Identify seller feedback sentiment
using AI
Below is a free classifier to identify seller feedback sentiment. Just input your text, and our AI will predict the sentiment of seller feedback - in just seconds.
API Access
import nyckel
credentials = nyckel.Credentials("YOUR_CLIENT_ID", "YOUR_CLIENT_SECRET")
nyckel.invoke("seller-feedback-sentiment", "your_text_here", credentials)
fetch('https://www.nyckel.com/v1/functions/seller-feedback-sentiment/invoke', {
method: 'POST',
headers: {
'Authorization': 'Bearer ' + 'YOUR_BEARER_TOKEN',
'Content-Type': 'application/json',
},
body: JSON.stringify(
{"data": "your_text_here"}
)
})
.then(response => response.json())
.then(data => console.log(data));
curl -X POST \
-H "Content-Type: application/json" \
-H "Authorization: Bearer YOUR_BEARER_TOKEN" \
-d '{"data": "your_text_here"}' \
https://www.nyckel.com/v1/functions/seller-feedback-sentiment/invoke
How this classifier works
To start, input the text that you'd like analyzed. Our AI tool will then predict the sentiment of seller feedback.
This pretrained text model uses a Nyckel-created dataset and has 20 labels, including Bad, Commendable, Dissatisfied, Excellent, Fair, Frustrated, Good, Happy, Mixed and Negative.
We'll also show a confidence score (the higher the number, the more confident the AI model is around the sentiment of seller feedback).
Whether you're just curious or building seller feedback sentiment detection into your application, we hope our classifier proves helpful.
Recommended Classifiers
Need to identify seller feedback sentiment at scale?
Get API or Zapier access to this classifier for free. It's perfect for:
- E-commerce Platform Improvement: This function can analyze seller feedback to determine overall customer sentiment, enabling e-commerce platforms to identify high-performing sellers and those needing support. By gaining insights into customer perceptions, the platform can implement training programs or improve seller guidelines to enhance user experience.
- Product Development Insights: Businesses can leverage sentiment analysis of seller feedback to inform product development decisions. By identifying common themes in positive and negative feedback, companies can prioritize product features or resolve issues that are affecting customer satisfaction.
- Market Reputation Management: Companies can monitor seller feedback sentiment to manage their market reputation proactively. By detecting negative sentiment early, they can take corrective actions to prevent long-term brand damage and maintain customer trust.
- Vendor Selection and Performance Evaluation: Retailers can utilize sentiment analysis to evaluate the performance of their vendors based on seller feedback. By comparing sentiment scores, they can make informed decisions about which vendors to continue partnerships with or consider alternatives.
- Targeted Marketing Strategies: Businesses can tailor their marketing strategies based on the sentiment of seller feedback. Positive feedback can be highlighted in promotional materials, while strategies can be adjusted to address concerns raised in negative sentiment analysis, thereby driving more effective marketing campaigns.
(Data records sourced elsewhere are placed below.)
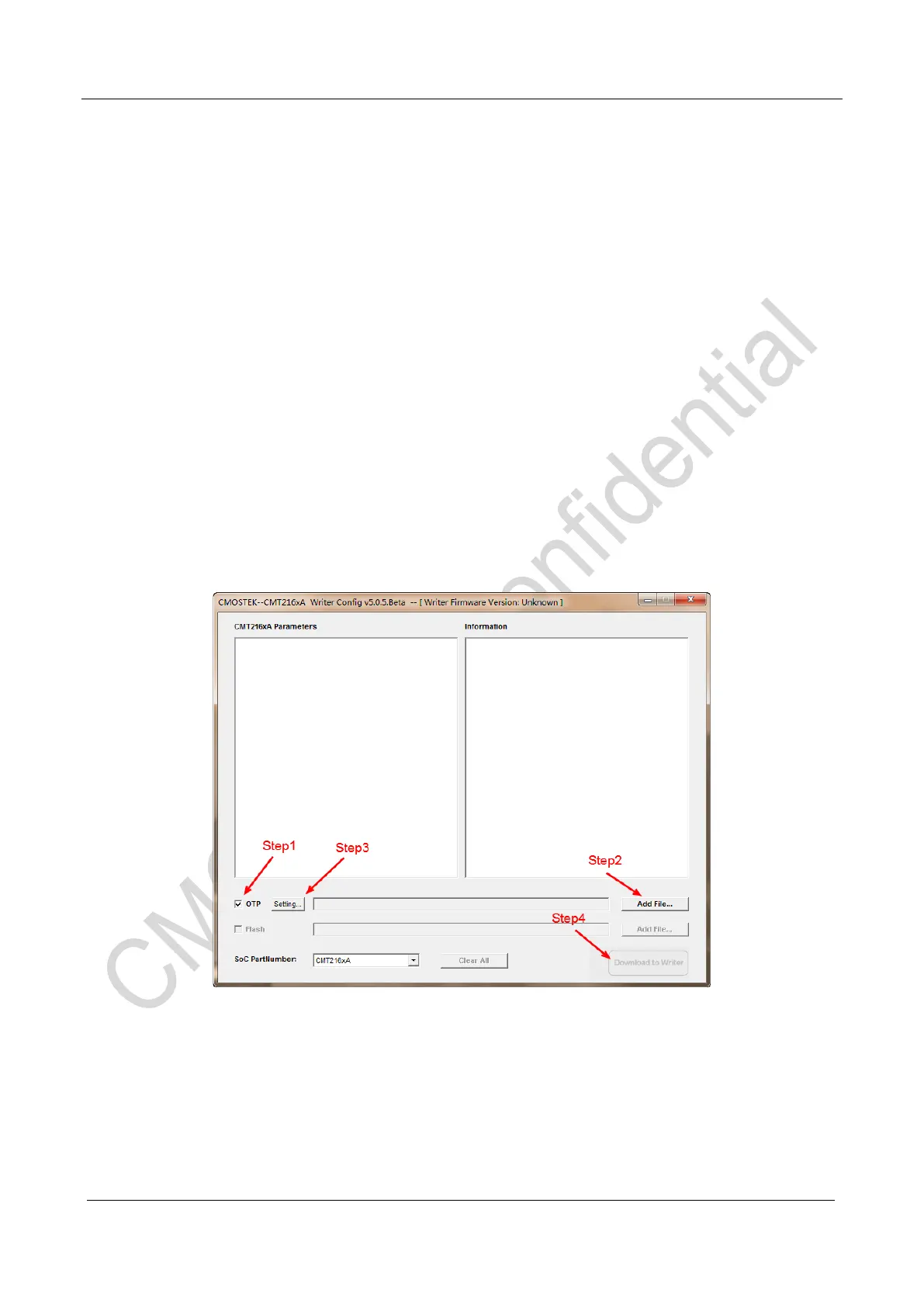 1. Select the “OTP”, which means the operation burning target is the import Hex file in OTP.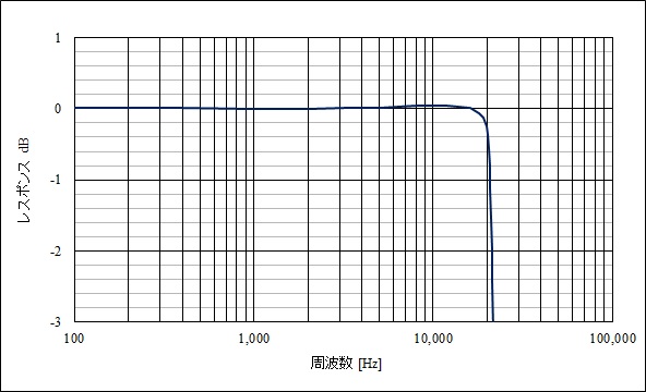 オーディオジェネレータを持っていない方でも、以下のグラフを参考にしつつ、フリーソフトのWaveGeneと電子電圧計があればある程度のチューニングが可能です。下のグラフはWaveGeneを使って100Hzから21kHzまで発振させ、それを本機のプリ出力で精密に測定したデータで、TD-1でチューニングしたものです。縦軸を拡大してありますので1kHz〜20kHzの状態がよくわかります。この高域減衰特性は「AKI.DACの特性」と「本機のLPFの特性」と「本機のラインアンプの特性」が混ざったものです。もし、ラインアンプのトランスのチューニングがうまくてきていないと、この特性から著しく逸脱します。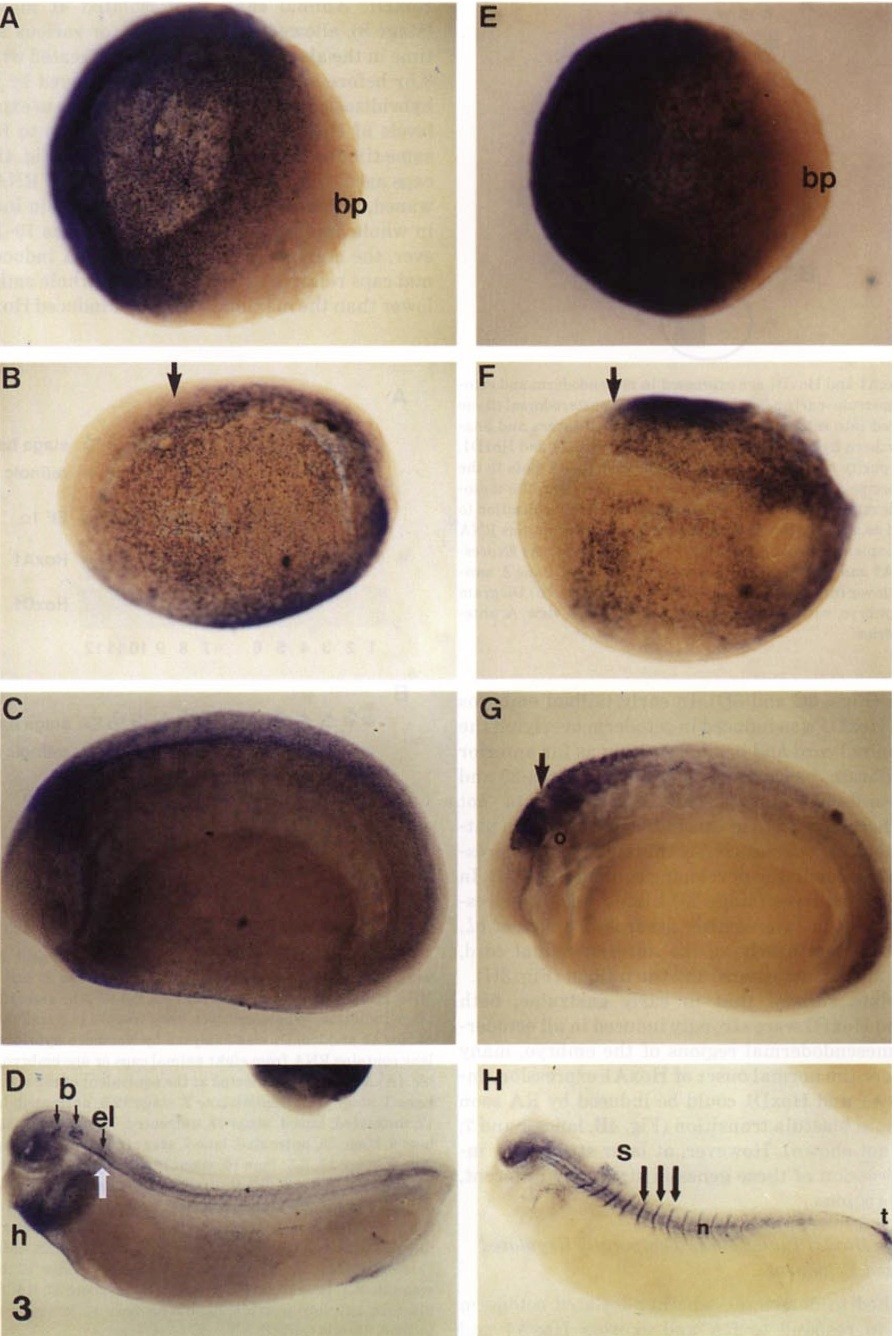 Fig3. Expression patterns of HoxA1 and HoxD1 are altered by retinoic acid. The expression of HoxA1 and HoxD1 was analayzed by whole mount in situ hydridization as described under Materials and Methods. Embryos were treated continuously with 1um all trans retinoic acid from mid-bastula onward unless otherwise indicated. (A) HoxA1 expression: mid gastrula (stage 11) bp= blastopore. (B) HoxA1 expression neurula (stage 14), lateral view. Arrow= anterior boundary. (C) HoxA1 expression: tailbudembryo (stage 22) treated with 1uM RA for 3hr prior to collection. (D) HoxA1 expression: (stage 29) treated with 1uM RA for 3hr prior to collection. (E) HoxD1 expression: midgastrula (stage 11) bp. blastopore. (F) HoxD1 expression: early neurula (stage 13) dorsolateral view. Arrow, gap in expression. O = Otic vesicle. (H) HoxD1 expression: late tailbudembryo (stage 29-30) treated with RA for 3hr prior to collection. Arrows, intersomitic fissures; n= notochord; t=tailbud; s=anterior spinal cord.

- Customer Support Enhancement: By analyzing seller feedback sentiment, companies can identify recurring issues or common complaints. This insight enables businesses to enhance their customer support functions by addressing specific problem areas, thus improving overall customer satisfaction.
- Training and Development for Sellers: E-commerce platforms can use sentiment analysis to identify training needs for sellers. By understanding feedback trends, they can design targeted training programs to help sellers improve their service quality, leading to better customer experiences and higher sales.